The first scheme is as follows: only 1 section of registered audio is in the first voiceprint recognition model, four second voiceprint recognition models formed by using 4 sections of detected audio are respectively subjected to similarity matching with the first voiceprint recognition model, and when the number of the detected audio which is not matched with the similarity of the registered audio in the corresponding first voiceprint recognition model is more than or equal to 1, the detection is determined to be invalid. The results are shown in table 1:
TABLE 1
Figure 121728DEST_PATH_IMAGE007
Scheme II: and 4 sections of registered audios exist in the first voiceprint recognition model, a second voiceprint recognition model formed by using 1 section of detection audio is respectively subjected to similarity matching with the first voiceprint recognition model, and when the number of the detection audio which is not matched with the similarity of the registered audio in the corresponding first voiceprint recognition model is more than or equal to 1, the second voiceprint recognition model is determined to be invalid. The results are shown in table 2:
TABLE 2
Figure 499620DEST_PATH_IMAGE008
The third scheme is as follows: and when the number of the detection audios which are not matched with the similarity of the registration audios in the corresponding first voiceprint recognition model is more than or equal to 1, the detection audios are determined to be invalid. The results are shown in table 3:
TABLE 3
Figure 834786DEST_PATH_IMAGE009
The test results of the first scheme and the second scheme are not ideal, because the time length of the registered audio of the first scheme is too short, the effect is poor; the second scheme is that under the condition that the 2-segment audio is another person, the registered audio always contains the voiceprint person of the detected audio, so that the effective detection cannot be carried out.

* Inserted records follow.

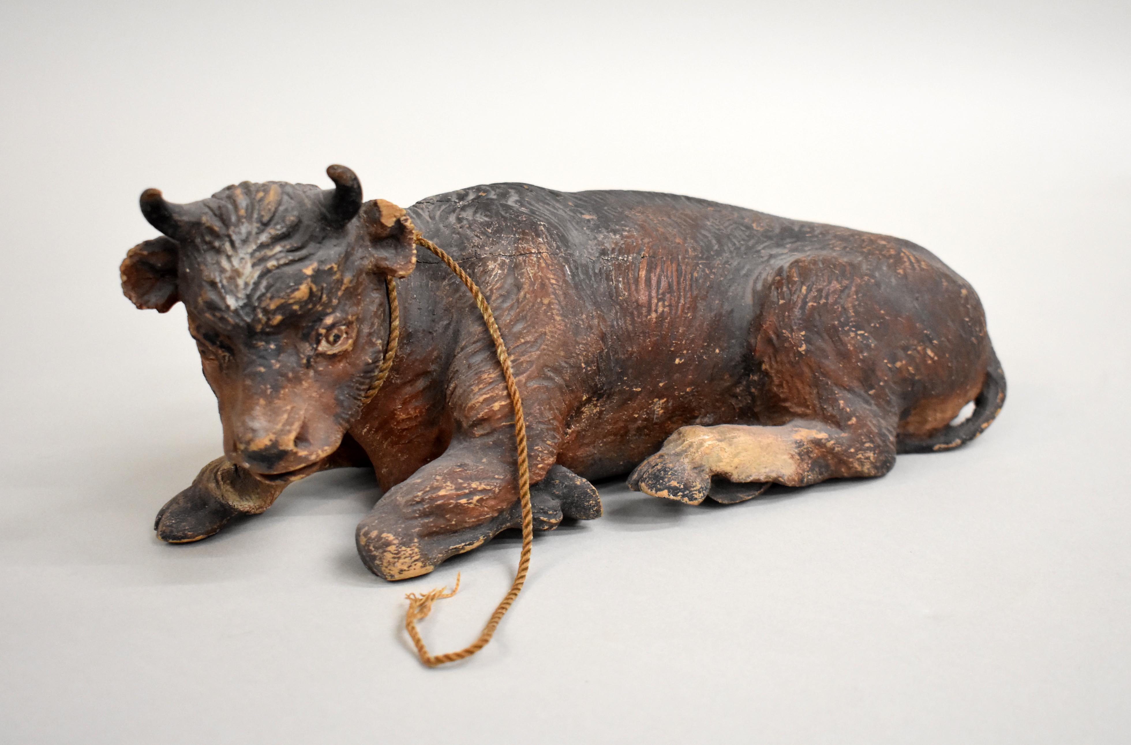 Model van de tabernakel: liggend roodbruin rund met touw om de hals
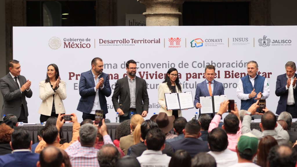 La presidenta municipal de San Pedro Tlaquepaque, Laura Imelda Pérez Segura, firmó el convenio de colaboración del Programa de Vivienda para el Bienestar, impulsado por el Gobierno Federal de Claudia Sheinbaum, en coordinación con autoridades federales, estatales y municipales, entre los que estuvieron presentes Octavio Romero Oropeza, Director del Infonavit; José Alfonso Iracheta Carroll, Director del Instituto Nacional del Suelo Sustentable (INSUS).
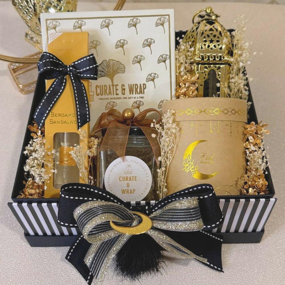 Привнесите тепло и элегантность в ваши подарки с этим премиальным праздничным набором, оформленным в насыщенных золотых и чёрных тонах. Центром композиции служит красиво выполненный золотой фонарь, дополненный коробкой гурманских фиников для традиционного акцента. Насладитесь сладким хрустом баночки карамелизированных орехов пекан и неотразимым вкусом миндальных драже в шоколаде, поданных в роскошной коробке или банке. Для полного впечатления в набор включён диффузор с тростниковыми палочками, придающий дому успокаивающий аромат. Украшенный сухоцветами и эффектным бантом, этот подарочный набор — идеальный выбор для Рамадана, Ида или особых торжеств.

The third scheme avoids the situations, and can simultaneously consider the safety and the user experience when the threshold value is low.
From the above description, it can be seen that the above-described embodiments of the present application achieve the following technical effects:
1) the utility model provides a method for detecting validity of registered audio, which comprises dividing N sections of registered audio into two parts to obtain the building module and the detection group, wherein the building module comprises M sections of registered audio, namely at least two registered audio, the M sections of registered audio of the building module are used for forming the first voiceprint recognition model, each detection audio of the detection group is respectively subjected to similarity matching with the registered audio in the corresponding first voiceprint recognition model to determine whether the registered audio is valid or not.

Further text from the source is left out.